# su, sudo & login hangs

## zrajm

A while after boot (5-15 minutes) logging in stops working completely. After typing login name & password at the console nothing happens (and after a minute or so, the login propt return "login:" -- after some sort of timeout I guess).

When this happens su, and sudo stops working as well, so I'm guessing it is a PAM-related problem. (But when I look in the logs, there's no indication of anything actually happening on a failed login/su/sudo... Nothing is written in the logs, at all. Could there be something wrong with whatever-the-thingy-is that should invoke PAM?)

(su: I type "su" in an xterm or on the console, and it prompts for "Password:" after typing a password [valid or invald -- gives the same response] nothing happens. If I press Ctrl-C I get back to the shell prompt)

(sudo: Pretty much acts the same way as "su", except that I cannot press Ctrl-C to return to my xterm or console. So that shell is essentially f**ckd. -- Also note, that this behaviour occur even if I try to use "su" or "sudo" as root..)

The weird thing is that everything works fine the first 5-15 minutes after boot, and then suddenly just stops.

I'm compiling a new (gentoo-sources-2.4.25-r2) kernel from scratch, and it is when booting this kernel that the problem occur.
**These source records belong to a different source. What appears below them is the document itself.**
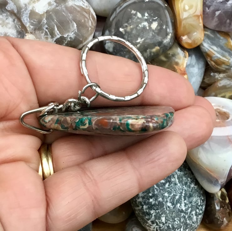 This stunning and vibrant Ocean Jasper pendant bead is something which should be on show so I thought it would make a fantastic keyring, or handbag charm for any lucky lady. If you wanted to buy a gift as a token of love, or friendship, then this would be ideal. Equally, ideal for anyone who just loves Gemstones.
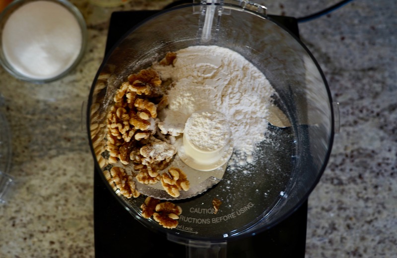 - Add the dry flour-walnut mixture from the bowl to the processor. Pulse 4-5 times to combine the wet and dry ingredients.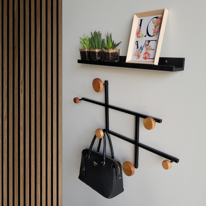 Cabideiro 6 Ganchos Aço e Madeira Escandinavo Calha Decoração MDF Preto/Madeira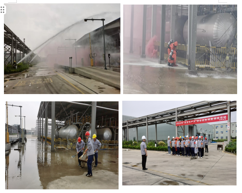 为加强对突发事故应急处置和员工自救互救能力,,在“安全生产月”活动期间,,,,公司各车间、、、部门按活动方案开展了(灼烫、、火灾、、车辆伤害)现场处置方案应急演练。。并开展了了一次综合性生产安全事故应急预案演练,,

When using my old (gentoo-sources-2.4.20-r7) everything works fine. -- Though I remeber having the same problem with that kernel about six months ago, when I first compiled & installed it... But the time after which it stopped working was maybe 1-2 hours then. (And, of course, I do not remember how I fixed the problem then. -- Sigh.)

The fact that the same thing has happened to me twice makes me believe that this could be some fairly common problem (or common misstake?). But what?

Am I forgetting to enable some obvious kernel thingy? Or is there a software package that needs updating to work properly with my new(er) kernel?

I could provide a diff between the /usr/src/linux/.config used for the two kernels in question, but it's almost 800 lines long...

----------

## moocha

Could be a DNS timeout issue as well.

----------

## zrajm

After testing a bit more I found that the su/sudo/login problem appear, not after reboot as such, but after running adsl-start to connect to the internet ("adsl-start" is part of the rp-ppoe package [net-dialup/rp-pppoe-3.5], which is run as root).

I'm using a USB ADSL modem (D-Link DSL-200 USB ADSL modem), for which I have the portages, ppp (version 2.4.1-r14), rp-pppoe (version 3.5) and eciadsl-usermode (version 0.8) installed. Now, I can't really say that I understand how this actually work, but it *does work* when I'm running my old kernel.

BTW: Another progam that refuses to start when the problem shows itself is galeon (but any running instance of galeon, happily continues to run with no problems whatsoever) -- however dillo starts & runs just fine.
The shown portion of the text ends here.